During an interlude in the war with England, Otterburn was concerned to recover money owing to him. His holding of lands at Auldhame, like those of his neighbours Oliver Sinclair, the favourite of James V, and John, 5th Lord Borthwick, required duties to be paid to Cardinal David Beaton. Adam wrote to the Cardinal hoping for money owed to him by Sinclair, and he noted that Borthwick and other landowners south of the River Forth sold their wool in England. Adam was now distrusted by Regent Arran and briefly imprisoned with a threat of further lawsuits. Friends like Elizabeth Gordon, wife of John Stewart, 4th Earl of Atholl wrote to Mary of Guise on his behalf. They were closely allied; Adam's son John had married the Countess' sister in law, Janet Stewart.

In October 1546, Adam set out with David Panter and a servant of d'Oysel, the French ambassador in Scotland to meet with Henry VIII at Oatlands. They brought the Scottish ratification of the Treaty of Ardres or Camp. Before they left Adam complained he had not enough money and horses to get to Musselburgh (a town close to Edinburgh). While they were waiting to see Henry the other diplomats were delighted to see them arguing. In March 1547, three of his servants were allowed to return to Scotland.

===Last minute negotiations in London before the Battle of Pinkie===
Otterburn was still negotiating for peace in London before the Battle of Pinkie. On Sunday 7 August 1547 he went to Hampton Court and met Edward VI. There he was dismissed as a diplomat by the council as it was now a time of hostility. He was given £75 as a gift for his departure. Otterburn saw, "afoir my eis verray gret preparatioun of weir, and actualie the gret hors, the harnes, the hagbutaris, and all gorgious reparrale set forwart towart our realme."

Before my eyes very great preparation of war, and actually the great horse, the armour, the firearms, and all the gorgeous equipment set forward towards our realm. David Caldwell, Vicky Oleksy, Bess Rhodes, The Battle of Pinkie, 1547: The Last Battle Between the Independent Kingdoms of Scotland and England (Oxbow, 2023), p. 30: The "gorgeous" equipment included leather horse armour designed and made by the workshop of the Italian artist Nicholas Bellin of Modena.

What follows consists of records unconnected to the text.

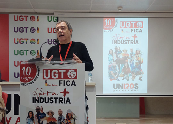 En su intervención en el acto de clausura del 10º Congreso Regional, el secretario general de UGT FICA, Mariano Hoya, ha comenzado felicitando a la nueva Comisión Ejecutiva por el magnífico resultado obtenido, que viene a refrendar el trabajo que ha venido desarrollando la Ejecutiva liderada por Sonia Saavedra, y que refleja la "buena salud de que goza la Federación". Mariano Hoya ha agradecido, además, el apoyo recibido de la federación de Baleares y especialmente, de Sonia, "que siempre ha estado junto a mí". También ha agradecido que tanto en el 44º Congreso Confederal, en el que UGT FICA planteó debates y propuestas nuevas de futuro para el conjunto de la Organización, como en el 29º Congreso Federal de UGT FICA celebrado el pasado mes de diciembre en Málaga, y en el que se hizo visible la necesidad de contar con una industria fuerte en nuestro país, en línea con el lema del congreso "Ahora Más Industria".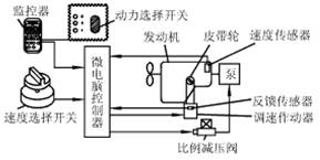 當(dāng)駕駛員將速度選擇開關(guān)置于某一檔位時,選擇開關(guān)將檔位信號傳送給微電腦控制器,微電腦控制器處理該信號后,通過驅(qū)動電路向調(diào)速作動器傳送一電壓信號,調(diào)速作動器電機轉(zhuǎn)動,電機通過加速或減速拉線帶動皮帶輪轉(zhuǎn)動,皮帶輪帶動供油拉桿,使拉桿移動到和速度開關(guān)檔位相適應(yīng)的位置上。安裝在調(diào)速作動器中的反饋傳感器將供油拉桿的位置信息傳遞給微電腦控制器,使微電腦控制器確認(rèn)油桿的正確位置。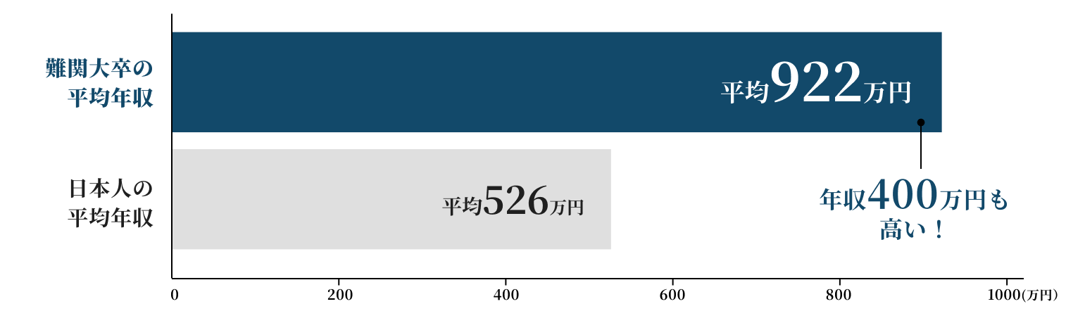 難関大の場合は、入学が1年遅れると約922万円(平均年収)の損失になります。ですので、金銭面を気にされるご家庭ほど、早めに受験対策することをお勧めします。また、受験学年の前から、長期的な戦略を立てることで、逃げ切り型で合格に導くこともできます。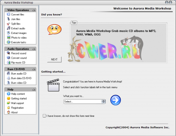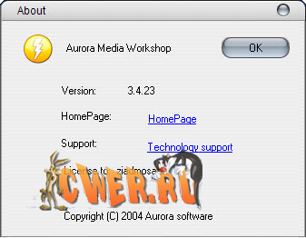 Aurora Media Workshop является программой, включающий в себя полный спектр средств для работы с видео и аудио файлами. Аудио и видеo конвертер, нарезка и соединение треков, граббер аудио CD, извлечение аудио из видео файлов, прожиг CD, создание видео CD из набора фотографий с множеством эффектов перехода, извлечение картинок (фреймов) из видео файлов, граббер DVD (VOB, DAT) в видео форматы, а аудио в MP3, WMA, WAV форматы, поддержка: AVI, MPEG1, MPEG2, ASF, WMV, VOB, DAT, DivX, XviD, MP3, WMA, WAV, OGG и других форматов.
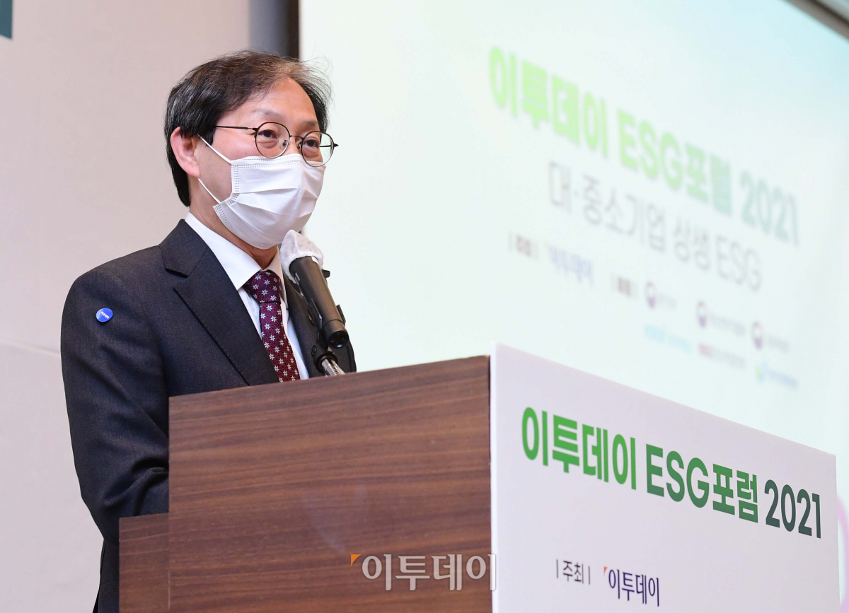 22일 서울 여의도 전경련회관에서 열린 ‘이투데이 ESG포럼 2021’에서 김성주 더불어민주당 의원이 축사를 하고 있다. ESG는 기업의 비재무적 요소인 환경(Environment)·사회(Social)·지배구조(Governance)를 뜻하는 말이다. 이투데이가 ‘대·중소기업 상생 ESG’를 주제로 마련한 이날 행사엔 대기업과 중견·중소기업, 중소상공인이 참석, ESG경영의 의미를 이해하기 쉽게 정리하고 ESG경영을 위한 준비를 함께 논의했다.

On Monday, he returned to Hampton Court and had further discussions with the Protector Somerset. He wrote to Regent Arran urging him take his warnings of the English invasion seriously, and begged him to allow George Douglas of Pittendreich to negotiate with Somerset, writing; "I dreid ye will nocht gif credence quhill ye se thame cum in at the dur," (I dread you will not believe till you see them come in the door). Arran had already set up a system of coastal watchers and warning beacons. However, his army was defeated by the English at the Battle of Pinkie on 10 September 1547.

==Sore hurt on the head==
In his letters in 1546 and 1547 Otterburn mentions that he was "aged and sickly", but Otterburn died after an assault in Edinburgh by a servant of Regent Arran on 3 July 1548, "sore hurt on the head and his servant slain at his heels." Patrick Mure, laird of Annestoun near Lanark, and his son were charged with treason for his murder, their last recorded summons for the crime was at the instance of Mary of Guise.

==Family==
Adam married firstly, Janet Rhynd, and secondly, Euphame Mowbray, with whom he had three sons, John, Robert and Thomas. He had three daughters, Margaret, Janet, and another whose name is unknown. His eldest daughter, Margaret, married Sir John Wemyss of Wemyss. In February 1544, another daughter was married and Adam asked Mary of Guise for financial support as "sik materis requiris coist and expensis", and again in 1546 he mentioned to David Beaton his difficulty in paying "my dochteris tocher". His son, John, married Janet Stewart, sister of the Earl of Atholl.